Sugary tribute to the GREAT GERSHWIN
This album, set down in Los Angeles in June last year, in the delightfully named Zipper Concert Hall, brings out the best in two exceptional pianists, drawn from different parts of the keyboard forest but united in their enthusiasm for the dazzling tunes of the sadly short-lived George Gershwin. Its release marks the centenary of the premiere of Gershwin’s
Rhapsody in Blue.
Jean-Yves Thibaudet has recorded more than 50 classical albums but has a sweet tooth. His love of a great tune, the sugarier the better, has been encouraged by his recording partner, the outstanding cabaret artist Michael Feinstein, who both sings and plays Gershwin at the highest artistic level. Here they play some of Gershwin’s finest – I Got Rhythm, Embraceable You and Someone To Watch Over Me – in very different versions. Take
Embraceable You. There is a straight version from Feinstein and a dazzling one that sees Thibaudet playing the late, great Earl Wild’s so-called Virtuoso Etudes on the same unforgettable tune. What an inspiration Gershwin has always been for his fellow artists.

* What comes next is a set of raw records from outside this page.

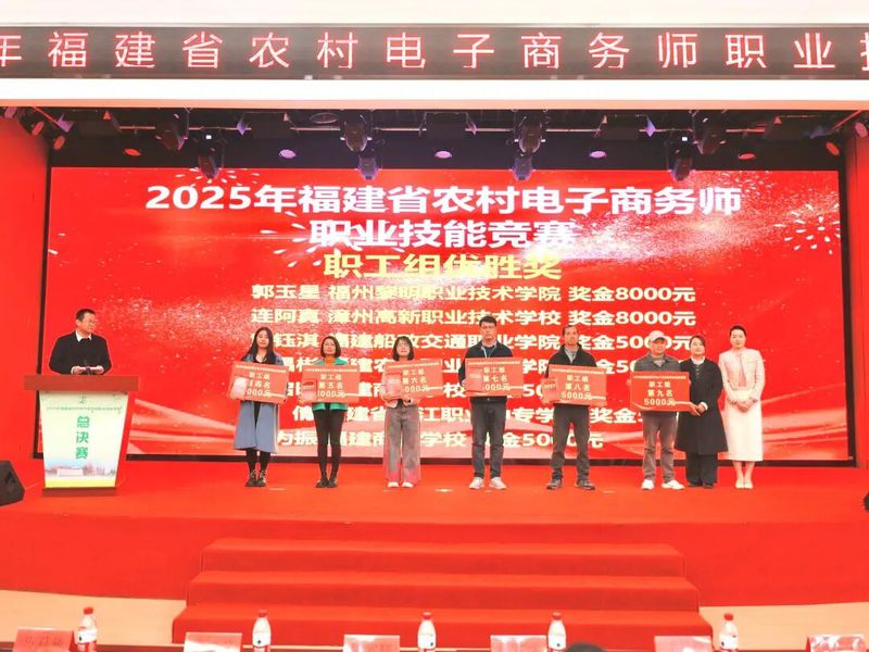 近日,由福建省商務(wù)廳、福建省人力資源和社會保障廳、福建省教育廳、福建省總工會、共青團(tuán)福建省委聯(lián)合主辦,福建船政交通職業(yè)學(xué)院承辦的2025年福建省農(nóng)村電子商務(wù)師職業(yè)技能競賽圓滿落幕。學(xué)院憑借周密的組織安排與高效的賽事服務(wù),保障了競賽全程嚴(yán)謹(jǐn)有序、公平公正,獲得主辦單位及各參賽隊伍的高度認(rèn)可。我院選派師生在比賽中表現(xiàn)突出,方思老師榮獲大賽第一名(金獎),黃鈺淇老師與學(xué)生陳偉鑫均獲得優(yōu)勝獎,實現(xiàn)了賽事承辦與競賽成績的雙重豐收。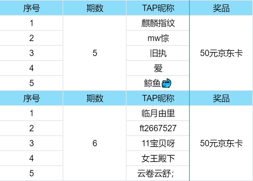 第三、四期的每日任务挑战获奖名单来啦~![[嗒啦啦4_好耶]](https://img.tapimg.com/market/images/d378b7a8f38cae2d3dfb6170d918238b.gif)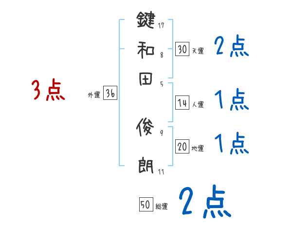 外運![]() | 鍵和田俊朗さんの外運は36画の3つ星!先見性が豊かです。多少神経質で苦労することも。 生活面を象徴する運勢です。外部から受ける影響力を表し、結婚運、家庭運や職場、環境への順応性を表します。 |
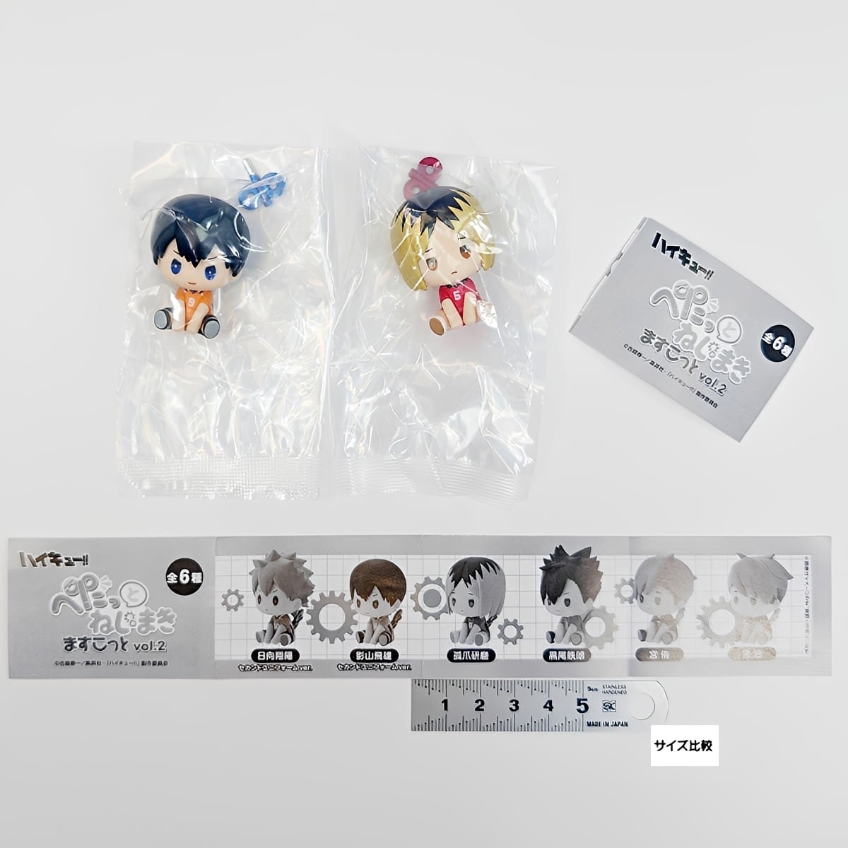 日向や影山のセカンドユニフォームVer.に加え、音駒の研磨と黒尾、稲荷崎の宮兄弟という豪華ラインナップ。全高約45mmのぺたっと座った姿が愛らしく、デスク周りの癒やしに最適です。

The same technique works just as well on Someone To Watch Over Me: Thibaudet plays Tedd Firth’s arrangement for piano solo, and then Feinstein performs his own effort for voice and piano. They Can’t Take That
Away From Me gets a similar treatment. Other things on this disc, though, will be completely unknown, and were to me, like Sutton Place and Under The Cinnamon Tree. Neither of them especially recognisable as Gershwin and surely only getting an outing here because his name is attached.
There’s a well-crafted liner note, but my advice is just to pour yourself a drink and put the disc on, with some engaging company. The reading can come later. This is not a purchase you will regret.